ガラクタ♂♀狂想曲
いい言葉を思いついて、もっとカッコよく決めるつもりだったのに。なんていうか、しまりが悪い。
あれがサヨナラの言葉になってしまうわけではないのに、手元まで見る余裕がなかった。
「ボーっとしない」
その声に振り返れば、すぐ後ろにデンちゃんがいた。
「——びっくり」
「冷やしたほうがいい」
「え?」
そのまま腕を掴まれた私は、まるで連行されるみたいに水道の前まで連れて行かれ、そして勢いよく出した水の中へ手を突っ込んだデンちゃん。辺りに水しぶきがたくさん飛んだ。
「出しすぎだよ」
水の勢いを少し弱め、デンちゃんを見上げる。
「大丈夫?」
「うん。だけど、ごめん。おかゆが少し減っちゃった」
すると穏やかな表情で笑うデンちゃん。それはときどき見せる、かなり大人びた表情でドキッとしてしまう。

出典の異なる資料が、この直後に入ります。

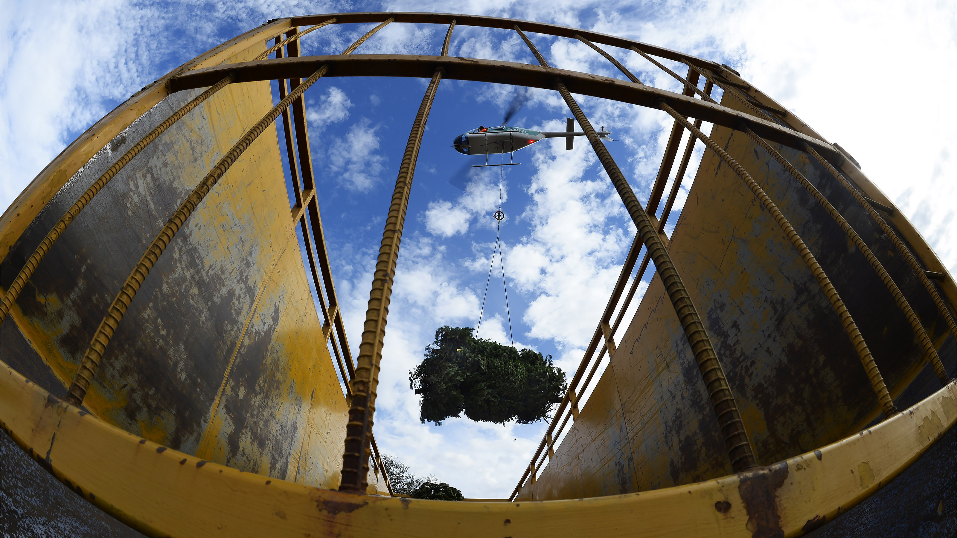Pilots learn to dangle a 25- to 30-foot line to ground crews that have sawed, bundled, and harnessed a dozen or so trees into a rope or “sling” that is caught by a “hooker” on the ground. The sling bundle is then lifted a short distance to waiting trucks called “tubs.” The tow lines are electronically released by pilots hovering over the tubs, and trees slide into the trucks likes pieces of a puzzle.
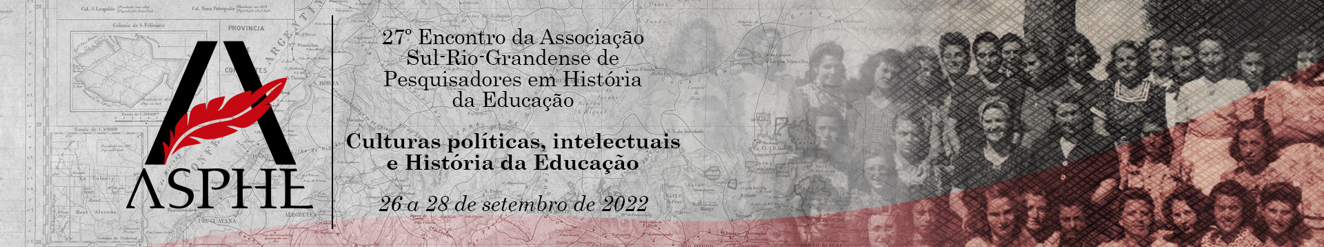 O 27º Encontro da Associação Sul-Rio-Grandense de Pesquisadores em História da Educação (ASPHE) tem como objetivo a discussão das culturas políticas, os intelectuais e as relações com a História da Educação. Nesse sentido, a história da educação associa-se ao processo histórico de desenvolvimento e seus aspectos políticos, sociais e culturais percebidos nas estratégias e táticas elaboradas pelos sujeitos, nas práticas, na disseminação de valores e normas estabelecidas pelos grupos sociais nas suas mais distintas experiências educativas.

「——もっと焦らないと。ショコちゃんのんびり屋さんすぎ。痕が残ったらどうするんだよ」
「大袈裟だよ」
するとデンちゃんは、なぜか不思議そうな顔で私を覗き込む。
「——ねえ。どうして、そんな顔するの?」
「俺?」
「ほかに誰?」
「あー…、確かに。俺の頭がヘンかも」
そしてすっと目を細め笑ったデンちゃんは、ゆっくり息を吐き出した。
「抱きしめてもいい?」
「…わざわざ聞くの?」
我ながら可愛くないと思う。だけどデンちゃんは小さく笑った。
「——ドキドキ」
「もーふざけないで。それにそれは熱があるからでしょ。デンちゃんは、いま病人なんだから」
ドキドキしているのは、私のほう。だってデンちゃんがいま、頭の中でなにを考えているのかわからない。いまぼんやりとしているように見えるのは、熱のせいなのか、それともほかのことなのか。